● **EXERCISE OBJECTIVE**:
Using the material below, return exactly the lines between the one holding "Карточки с причинами." and the one holding "Практически невесомое женское", inclusive, and no others.

:: DATA PROVIDED ::

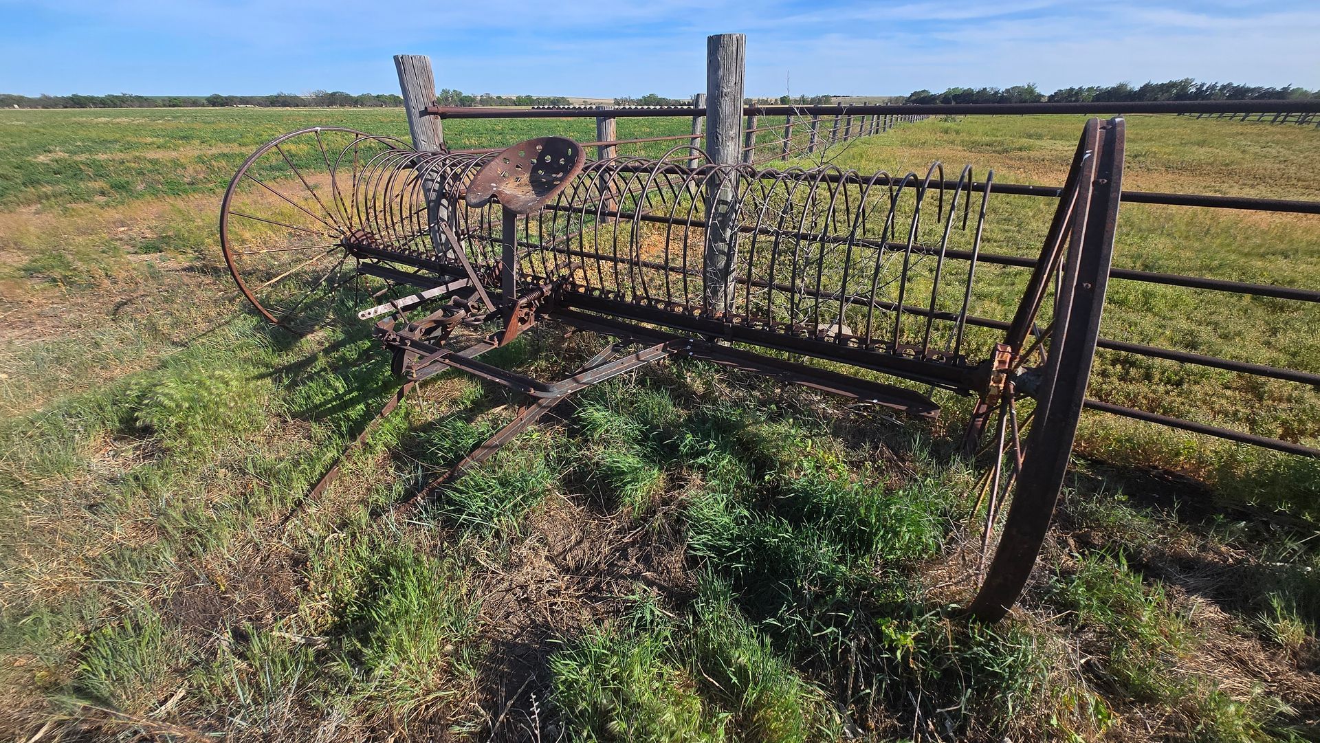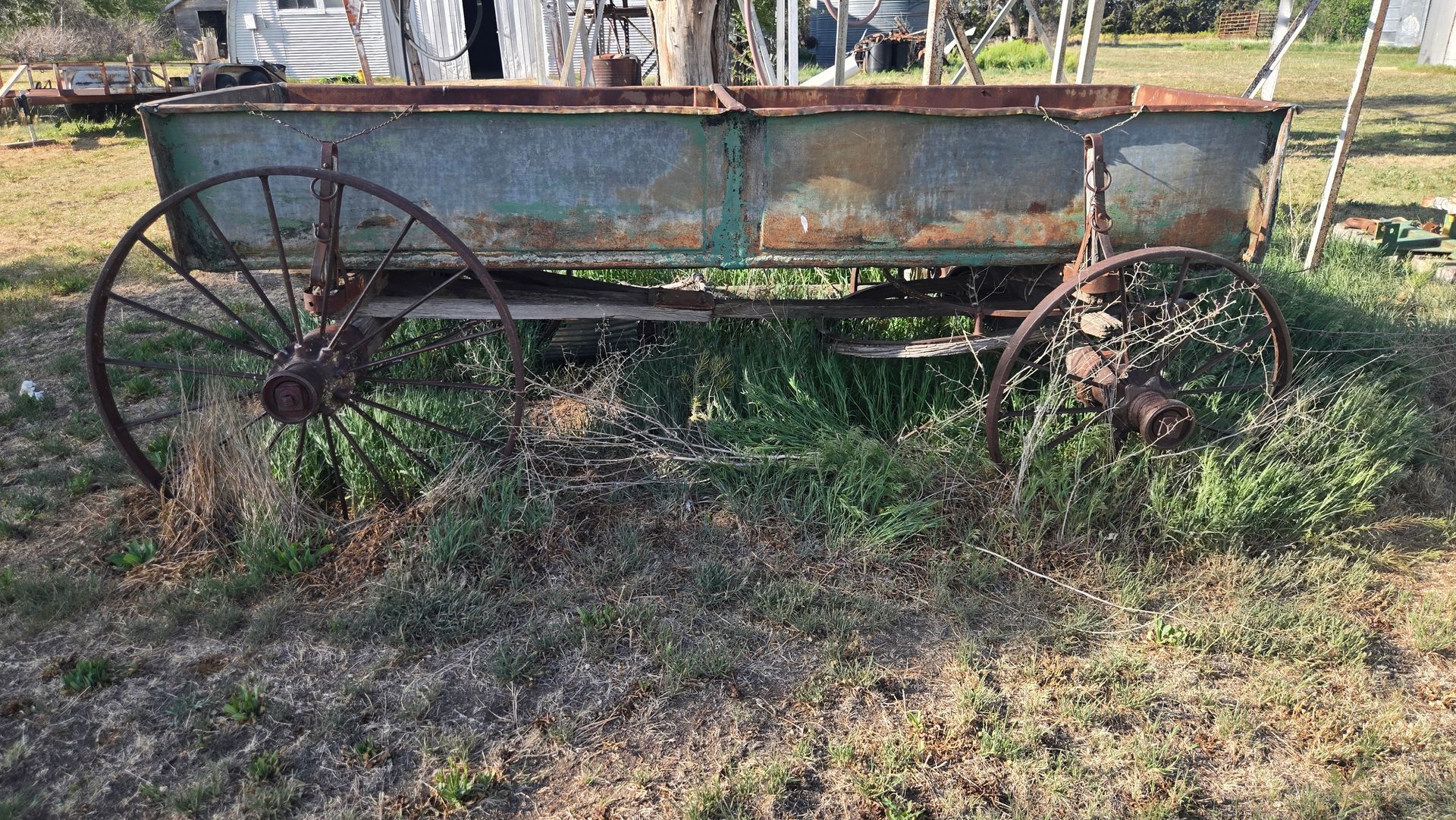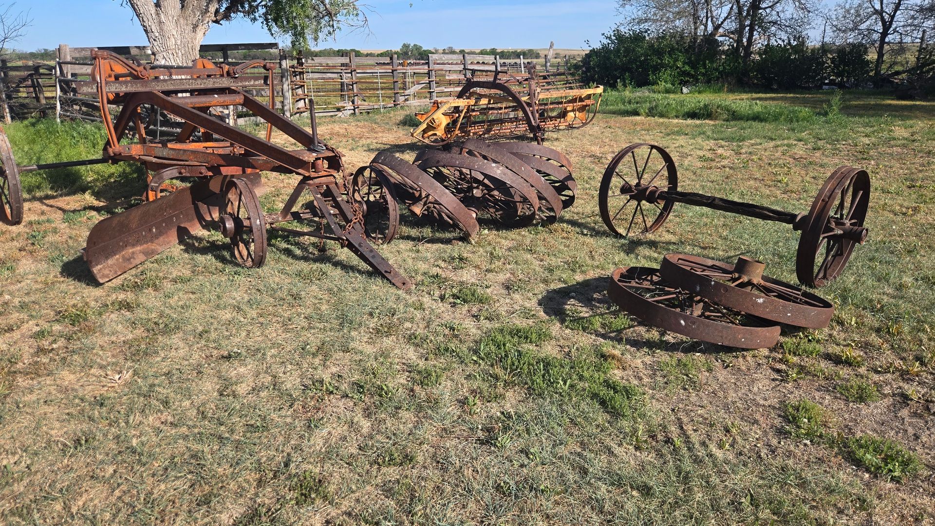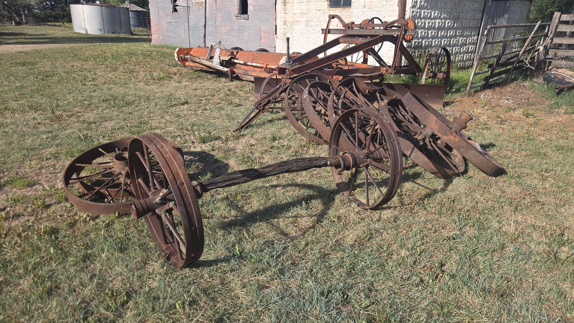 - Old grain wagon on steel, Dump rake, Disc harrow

:::
:: DATA PROVIDED ::

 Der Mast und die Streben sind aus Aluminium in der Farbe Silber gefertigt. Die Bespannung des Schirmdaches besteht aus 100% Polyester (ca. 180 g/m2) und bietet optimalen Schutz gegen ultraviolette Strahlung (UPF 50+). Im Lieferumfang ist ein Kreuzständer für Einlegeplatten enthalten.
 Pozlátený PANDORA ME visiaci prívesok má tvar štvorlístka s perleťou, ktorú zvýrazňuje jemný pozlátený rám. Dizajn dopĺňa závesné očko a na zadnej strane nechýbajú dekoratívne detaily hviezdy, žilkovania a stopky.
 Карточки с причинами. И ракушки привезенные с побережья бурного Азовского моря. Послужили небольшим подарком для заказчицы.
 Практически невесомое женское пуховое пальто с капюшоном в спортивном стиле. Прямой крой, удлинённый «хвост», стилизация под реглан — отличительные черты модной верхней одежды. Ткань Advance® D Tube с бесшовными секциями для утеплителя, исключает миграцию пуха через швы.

:::
:: DATA PROVIDED ::

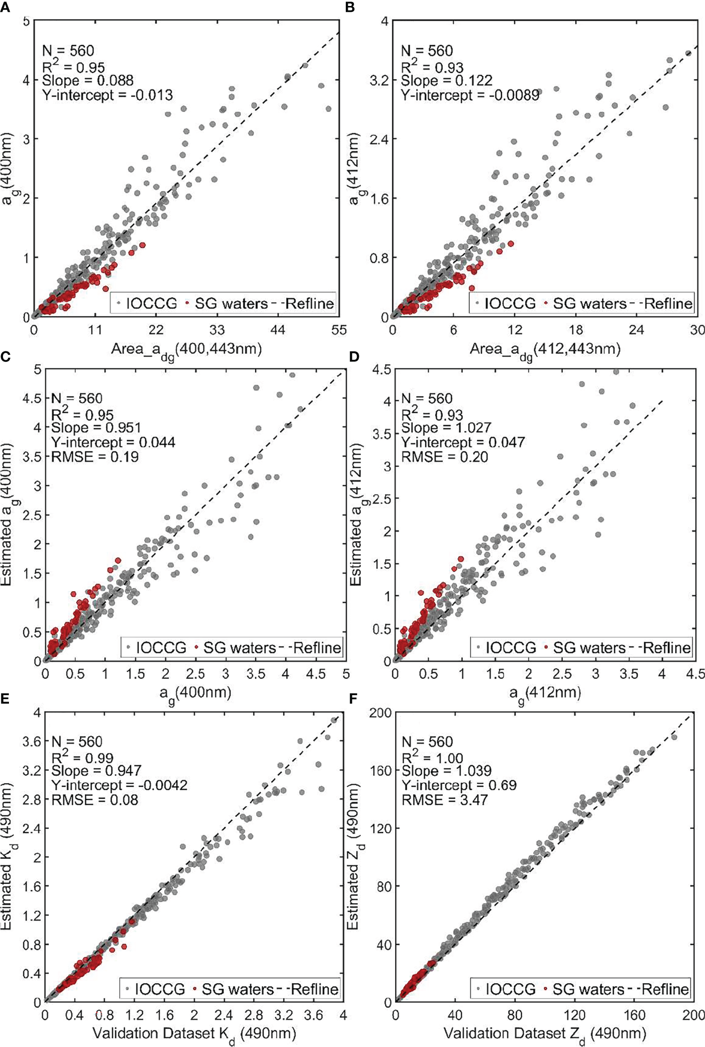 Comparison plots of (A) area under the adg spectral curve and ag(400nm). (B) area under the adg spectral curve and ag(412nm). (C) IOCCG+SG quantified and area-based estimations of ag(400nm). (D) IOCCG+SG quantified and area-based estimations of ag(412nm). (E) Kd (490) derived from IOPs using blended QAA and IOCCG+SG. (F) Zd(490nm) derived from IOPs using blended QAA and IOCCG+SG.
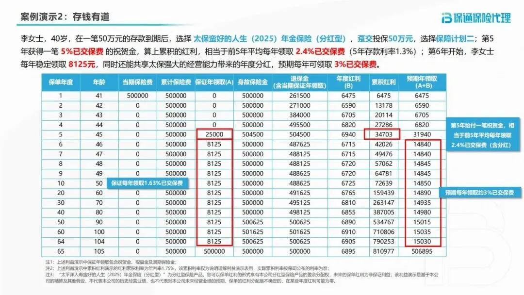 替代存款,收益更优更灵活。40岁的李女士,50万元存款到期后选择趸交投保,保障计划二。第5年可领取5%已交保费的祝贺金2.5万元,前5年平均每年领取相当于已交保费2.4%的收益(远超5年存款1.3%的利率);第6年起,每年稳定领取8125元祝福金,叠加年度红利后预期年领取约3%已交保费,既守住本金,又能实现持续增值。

:::

● **FINISHED TASK**:
 Карточки с причинами. И ракушки привезенные с побережья бурного Азовского моря. Послужили небольшим подарком для заказчицы.
 Практически невесомое женское пуховое пальто с капюшоном в спортивном стиле. Прямой крой, удлинённый «хвост», стилизация под реглан — отличительные черты модной верхней одежды. Ткань Advance® D Tube с бесшовными секциями для утеплителя, исключает миграцию пуха через швы.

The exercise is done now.